According to Bone phenotypes in rheumatology – there is more to bone than just bone, IL-23 can cause bone destruction which may actually be good if you want to grow taller as bone is not capable of interstitial growth. Distraction osteogenesis after all begins with an osteotomy. Also of note in this study is that it’s mentioned that psoriatic osteoarthritis involves ossification of the enthesis. Tremfya is a treatment for psoriatic osteoarthritis. The study also mentions that psoriatic osteoarthritis can result in increased bone formation.

I could not find a direct link between IL-23 and longitudinal bone growth reduction just with inflammation in general.
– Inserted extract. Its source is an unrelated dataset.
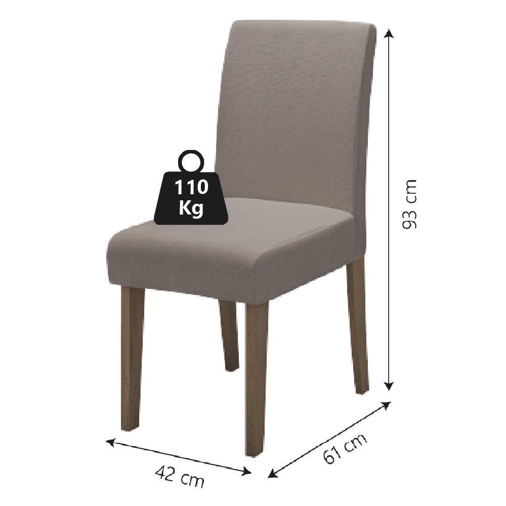 Conjunto Com 4 Cadeiras Estofada Sala de Jantar Trieste Siena Cedro / Mascavo Dobuê

I’m going to conclude that Tremfya if it could be used as a way to increase longitudinal bone growth it is only in very niche cases where inflammation is very high.

It looks like corsets may actually cause plastic bone deformation

This is a huge find because it means that we may actually be able to pull on bones to make them longer.  Now it’s easier to deform bones by bending than it is by pulling on them but bending generates both tensile and compressive forces so you’d have to find a way to bend the bone in two parts at once to balance the compressive forces to achieve length.  Lateral compressive forces are axial tensile forces so this is why something like tapping can be beneficial to achieve length.  Don’t think that sleeping in a “rack” position can achieve this kind of pull the problem is that the pull forces are observed muscle by the muscles and ligaments which only pull the bone at the enthesis(which not surprising is longer and thicker than other parts of the bone), you’d have to find a way to generate pull directly on the bone itself.  Also, consider that sleeping in the rack position could potentially cut off circulation when you’re not awake to do anything about it.

If corsets generated bone shape increase via plastic deformation rather than traditional bone modeling with osteoclast absorption and osteoblast deposition that is a huge find because bone modeling is not likely to result in an increase in length unless osteoblast deposition occurs at the longitudinal ends of bones.

Here’s the citation:

Corsets and Skeletal Deformities: Anthropological Study

“The skeletons of 19th century corseted women were studied to see how their ribcages were flexibly bent into a more tapered shape from the corset. From the photos, you can see literal ‘bends’ in the ribs where the pressure from the corset formed the ribs into the shape of a circle. Also, the spinous processes seemed to be affected too: spinous processes are the small “spikes” humans have on their vertebrae; they look like spikes down a lizard’s back, but in humans these are small and one can occasionally see or feel them as the ‘bumps’ along one’s back. In the skeletons that showed rib shaping from a corset, these same skeletons also had “spikes” in the upper back that bent downward and overlapped like snaggleteeth.”

Corsets are basically lateral compressive loading on the ribs so should generate a minor longitudinal tensile force as well.  it’s not surprising that corsets also generate torsional and rotational forces which explain why the spinous process of the vertebrae were deformed.  But ribs are bent so it would be easier to generate stronger mechanical forces than it would be in straighter long bones.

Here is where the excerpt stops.